Ergebnis: Die Bahncard 100 wird sich nach 25 Fahrten amortisiert haben und kann steuerfrei erstattet werden. Dass der Arbeitnehmer mit der Bahncard 100 auch sonstige Privatfahrten und ggf. auch Fahrten Wohnung/Arbeitsstätte oder Familienheimfahrten bei doppelter Haushaltsführung durchführen kann, ist unbeachtlich. Der Wert der Bahncard muss nicht in der elektronischen Lohnsteuerbescheinigung angegeben werden. Denn bei Dienstreisen (Auswärtstätigkeiten) sind nur die steuerfrei erstatteten Verpflegungspauschalen zu bescheinigen. |
2. Prognostizierte Vollamortisation unter Einbezug von § 3 Nr. 15 EStG
Die Arbeitgeberleistung ist auch insgesamt steuerfrei, wenn die Prognose zum Zeitpunkt der Hingabe der Fahrkarte ergibt, dass die Summe
- aus den ersparten Kosten für Einzelfahrscheine, die ohne Nutzung der Fahrkarte während deren Gültigkeitsdauer für die Fahrten im Rahmen einer Dienstreise (Auswärtstätigkeit) oder wöchentliche Familienheimfahrten im Rahmen einer doppelten Haushaltsführung anfallen würden und
- dem regulären Verkaufspreis einer Fahrkarte für die Strecke Wohnung/erste Tätigkeitsstätte für den entsprechenden Gültigkeitszeitraum
die Kosten der Fahrkarte erreicht oder übersteigt.

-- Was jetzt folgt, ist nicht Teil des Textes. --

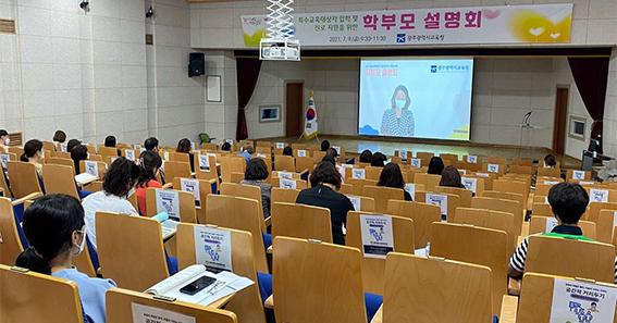 광주시교육청이 지난 9일 광주교육연수원에서 특수교육대상자 자녀를 둔 학부모 100여 명을 대상으로 ‘특수교육대상자 입학 및 진로 지원을 위한 학부모 설명회’를 개최했다.

Die Arbeitgeberleistung ist vorrangig als Reisekosten oder Mehraufwendungen bei doppelter Haushaltsführung steuerfrei nach § 3 Nr. 13 oder 16 EStG in Höhe der prognostizierten ersparten Kosten für Einzelfahrscheine, die ohne Nutzung der Fahrkarte während deren Gültigkeitsdauer für Dienstreisen (Auswärtstätigkeiten) oder Familienheimfahrten anfallen würden. Im Übrigen ist sie nachrangig steuerfrei nach § 3 Nr. 15 EStG als Kosten für die Fahrten Wohnung/erste Tätigkeitsstätte. Auf den Umfang der späteren tatsächlichen Nutzung und die darüber hinaus gehenden privaten Nutzungsmöglichkeiten kommt es nicht an.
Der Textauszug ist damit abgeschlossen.